Beyond which method works best for your mindset, Hoyes said you should also consider the kinds of debts you have, and to whom you owe them.
“On payday loans, if you’re paying $15 on a $100 … how do you figure out the interest rate on that?” Hoyes said. He added that payday loans are often debts with both the highest interest and smallest balance — they would come first regardless of which method you use.
Another exception could be if you owe money to an organization like the Canada Revenue Agency. Even if the debt you owe the CRA has the lowest interest rate, you typically have to pay them as soon as possible, Hoyes said.
“All they send you is something that says you’ve got to pay us now,” he said, as opposed to a monthly credit card statement with a minimum payment. “Traditionally, the CRA is willing to accept payment plans where you pay over 12 months.”
If you crunch the numbers using either strategy and the time it would take to pay down all your debts is unrealistic, Hoyes said it’s better to accept that sooner rather than later, and seek out the help you need. “You’re better off at that point … filing a consumer proposal, or going bankrupt to officially eliminate the debt.”
To avoid getting to that point, Hoyes said it’s critical to try to eliminate the amount you’re able to borrow as you pay down your debts. Some strategies to accomplish this include lowering your credit limit, cancelling your credit card, or converting your card to a fixed-term loan, if possible.
Hoyes also recommends exploring ways you can increase your income or reduce your expenses to free up cash flow, be that through extra shifts, a part-time job, a roommate or strict budgeting.

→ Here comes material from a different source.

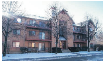
GREAT 3 BDRM CONDO IN OAKVILLE $238,000

Arbour said it’s also valuable to understand how and why you acquired these debts in the first place. “Is it because you’re running short every month and bridging the gaps?” she said. “Is it because your budget isn’t quite working for you?” This kind of reflection can help people avoid ending up in the same situation in the future.
It can also help build the important habit of having a plan to pay off a debt when you take one on, she said. In the end, it doesn’t really matter which strategy you use, but more so that you have one to gain back control.
“When you’re swimming in bills and payments, sometimes you can’t see the forest for the trees,” Arbour said. “But everybody loves a framework.”